◆ **Available data**:
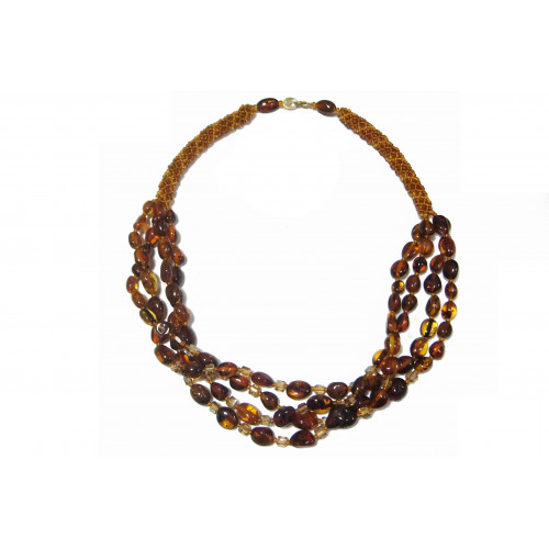 Состав: янтарь, бисер. Длина колье – 45 см. Под заказ длина может быть любой. В случае отсутствия товара на складе срок изготовления и поставки от 3 недель.
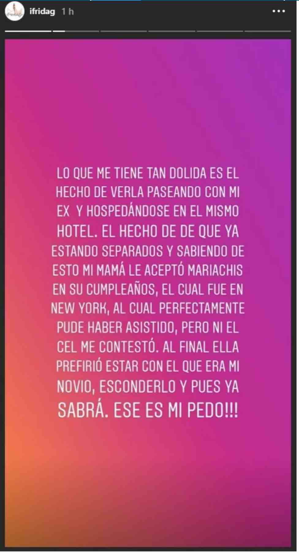 Sin embargo reiteró que la causa del distanciamiento entre ellas se debe a la cercanía de la Guzmán con su ex Christian Estrada, quien le llevó mariachis y Frida no estuvo invitada a la celebración. “Al final ella prefirió estar con el que era mi novio, esconderlo y pues ya sabrá, ese es mi pedo”, puntualizó.
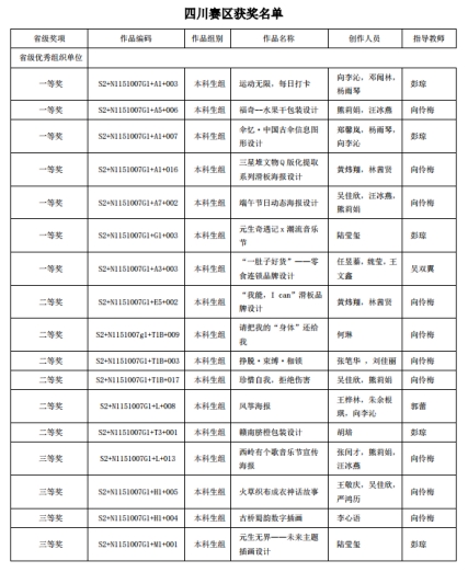 【本网讯】近日,第11届未来设计师·全国高校数字艺术设计大赛(NCDA)圆满落下帷幕,我校学子在本次大赛中喜获佳绩,荣获国家级一等奖1项、二等奖2项、三等奖3项;省级一等奖11项、二等奖13项、三等奖24项,吴双翼、田晓膺、向伶梅、禹然获得优秀指导教师称号。
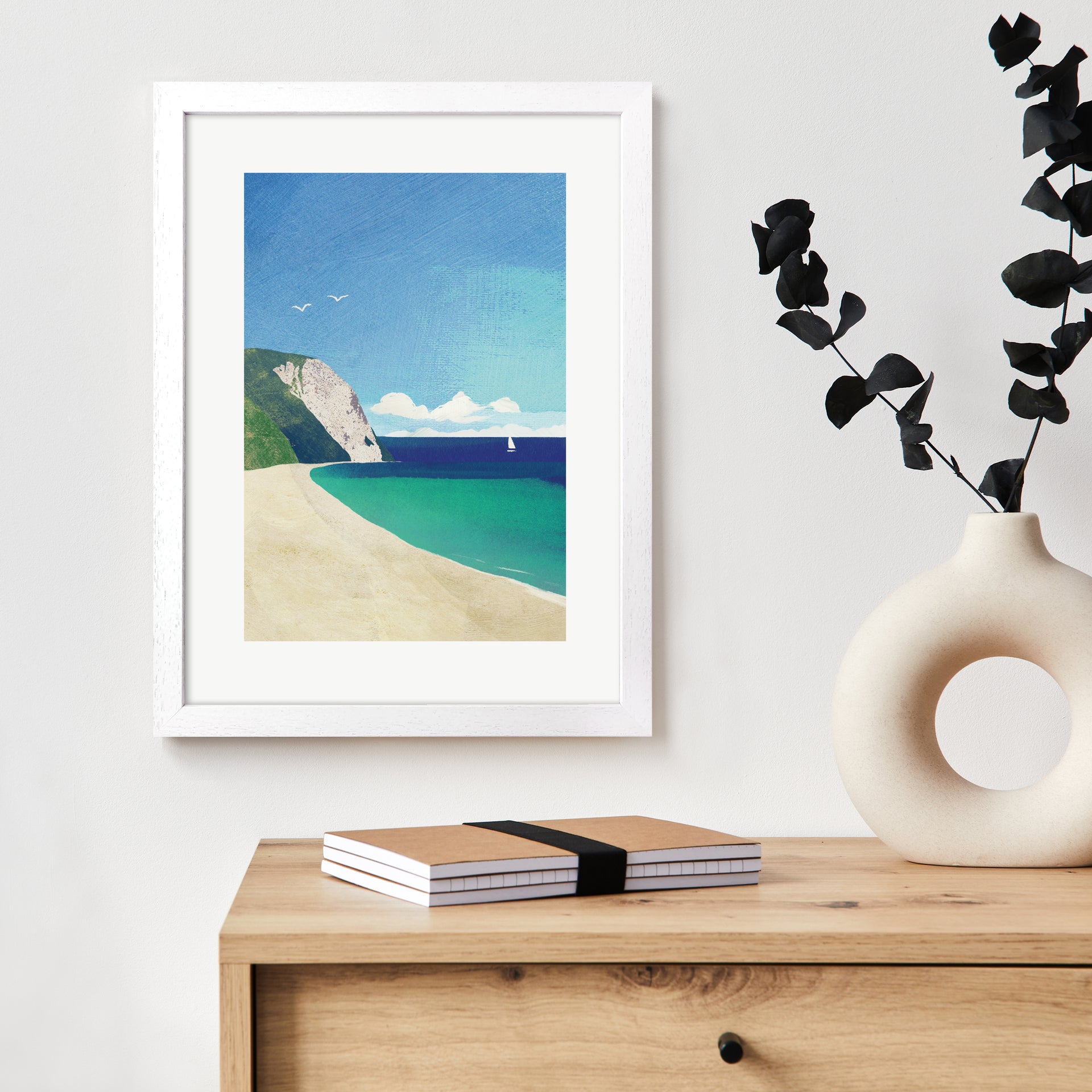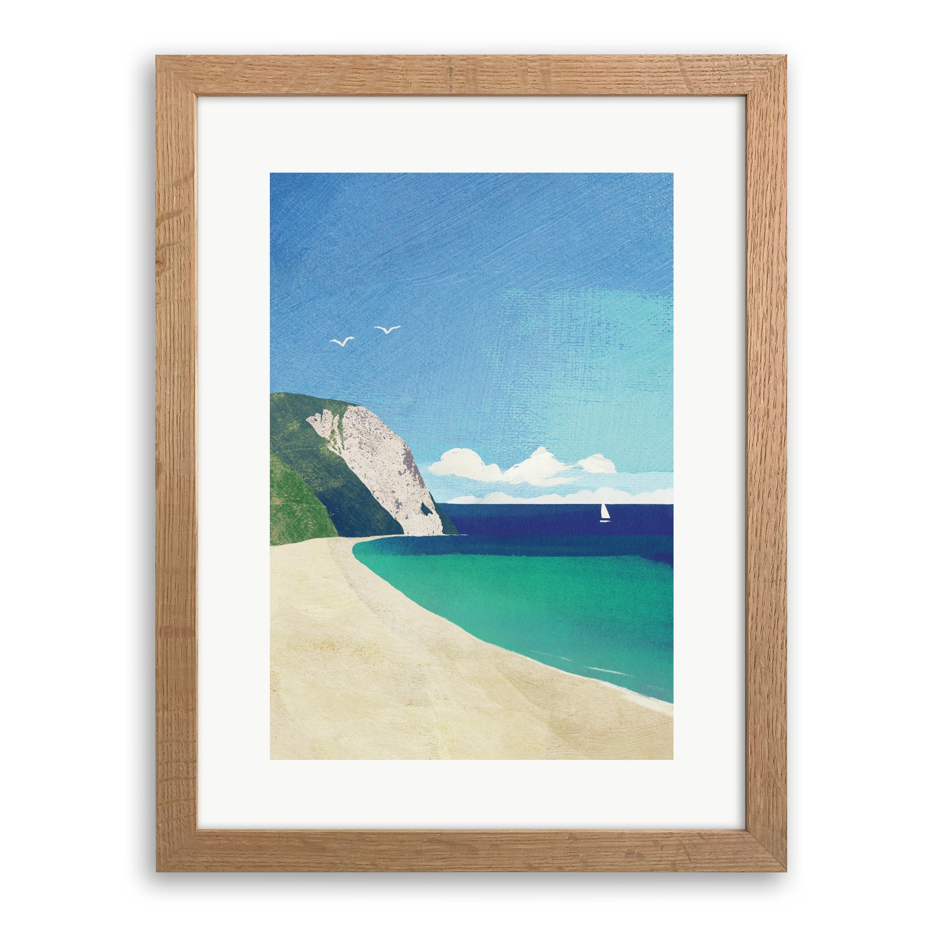 A high quality art print by Henry Rivers titled 'Sandy Beach'. The artwork depicts a wide sandy beach with white cliffs and a sailing boat on the horizon.

◆ **Directions**:
Print the lines from the line containing "Sin embargo reiteró" through the last line of the listing, exactly as they stand, and leave any pictures out.

◆ **Result of this exercise**:
 Sin embargo reiteró que la causa del distanciamiento entre ellas se debe a la cercanía de la Guzmán con su ex Christian Estrada, quien le llevó mariachis y Frida no estuvo invitada a la celebración. “Al final ella prefirió estar con el que era mi novio, esconderlo y pues ya sabrá, ese es mi pedo”, puntualizó.
 【本网讯】近日,第11届未来设计师·全国高校数字艺术设计大赛(NCDA)圆满落下帷幕,我校学子在本次大赛中喜获佳绩,荣获国家级一等奖1项、二等奖2项、三等奖3项;省级一等奖11项、二等奖13项、三等奖24项,吴双翼、田晓膺、向伶梅、禹然获得优秀指导教师称号。
 A high quality art print by Henry Rivers titled 'Sandy Beach'. The artwork depicts a wide sandy beach with white cliffs and a sailing boat on the horizon.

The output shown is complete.